Кто звездную по своду крынку
Разлил вселенной молока?
Вопрос нелепый, но былинку
Ли упрекать? Она, пока
Живет, глядит и вопрошает
О том, что над ее челом
Так ослепительно сверкает
За синим вечности стеклом.
Какая ночь!

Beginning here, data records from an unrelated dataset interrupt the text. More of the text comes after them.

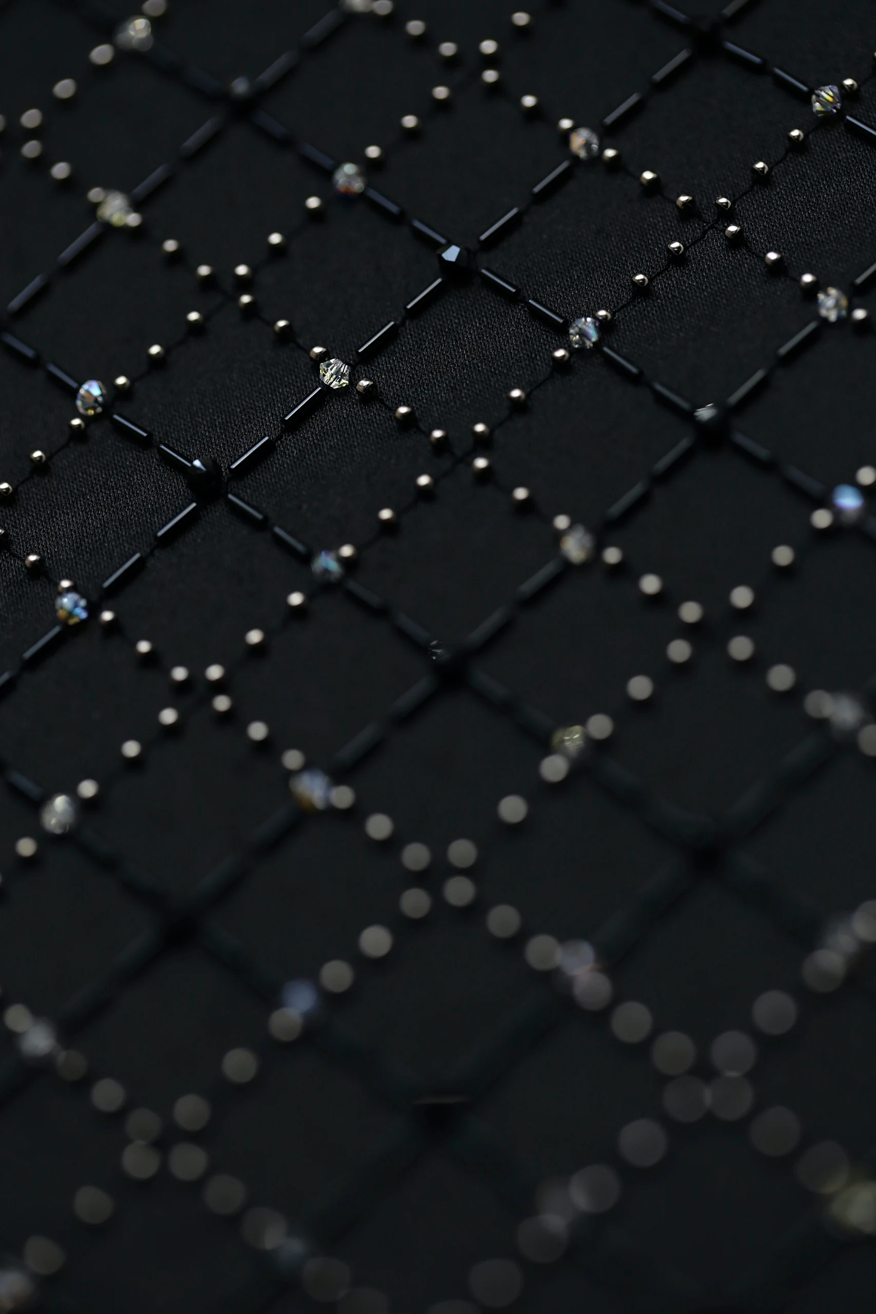 This black kimono jacket reinterprets her muted brilliance through contemporary embroidery: a geometric crystal grid encircling the waist, shimmering only when it catches the light — like a star that glows softly at the edge of the night.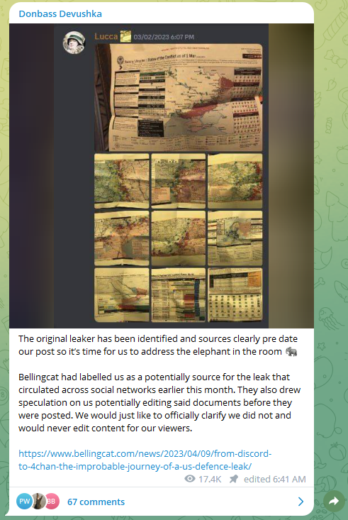 They left at the end of 2022 Why is that relevant? Because Donbass Devushka was one of the original leakers of the top secret Pentagon documents in early March, taken by AIC Jack Teixeria, who was arrested on 4/13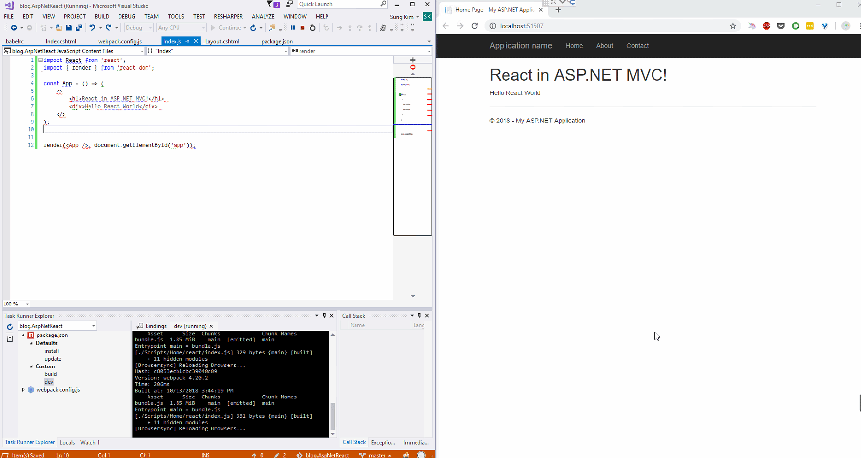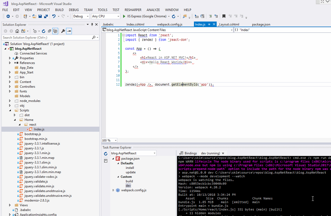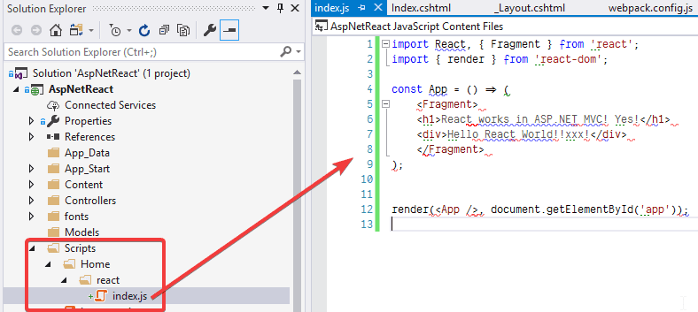 Now we have an entry point, let's write a simple React file index.js under Scripts\Home\react directory.

Незримо волны
У скал, незримых также, спят,
Лишь низью жемчужною челны
Лампары на море горят
Да этих звезд неумолимых,
Недостижимых легион.
И жизнь вся для тяжкой схимы –
Непостижимый только сон.
Сон жуткий, непочатый, вечный,
Напрасный так же для ума,
Как этот Путь во мраке Млечный,
Как Божьей мантии кайма.
Но на горе, в каменоломне,
Огонь мистический горит,
Как будто бы Мадонны скромной
Там изваяние стоит.
Да около меня Мадонна
Сидит живая искони
И освещает неустанно
Земные все мои пути.
И обнимая тихо плечи
Ее в полночной тишине,
Я звездные постигнул речи
В неизмеримой вышине.
НЕДОУМЕННЫЙ СТРАННИК
Я на земле недоуменный странник,
Чужой всему, что мечется вокруг.
Крылатый я Создателя посланник,
Спустившийся в юдоль земную вдруг.
Не знаю, по вине иль любопытству
Попал я в этот низший из миров,
Но, судя по чрезмерному бесстыдству
Подчас ума и горделивых слов,
Я был сюда низвергнут для изгнанья,
Как некогда мятежный Люцифер.
Но кончились уж годы испытанья,
И я опять очистился для сфер.
Всё человеческое чуждо стало
Моей освободившейся душе,
И тело бренное плестись устало
В пыли дорог и в снежной пороше.
Меня не тешат орхидеи духа,
На райские похожие цветы,
Сплетенья слов, что невесомей пуха,
И к пропасти ведущие мосты.
И даже мир меня теперь подножный,
Ажурный, ювелирный, перестал
Приковывать в юдоли бездорожной,
Где столько я томился и страдал.
Один брокат меня еще небесный
Влечет к себе в необычайный край,
Подвижный вечно, дымчаточудесный,
Как созданный Отцом запретный рай.
Следя за облачных фантасмагорий
Великим зодчеством, я хоть на миг
Неисцелимое способен горе
Понять скорее, чем из груды книг.
Но скоро, скоро снова брызнет солнце
В меня огнем и вовсе ослепит,
И всё во мне, как в плавящейся бронзе,
Вдруг золотом словесным закипит.
ЭТЮД
Лазурная, свежая линия.
Печальная, черная пиния.
Два белых за ней треугольника
Уносят в безбрежность невольника,
Влачащего цепи пудовые,
Тоску и мечтанья суровые.
Уносят в безбрежности синие,
Но сам он, как черная пиния,
Над бездной пылающей врос
И впился зубами в утес.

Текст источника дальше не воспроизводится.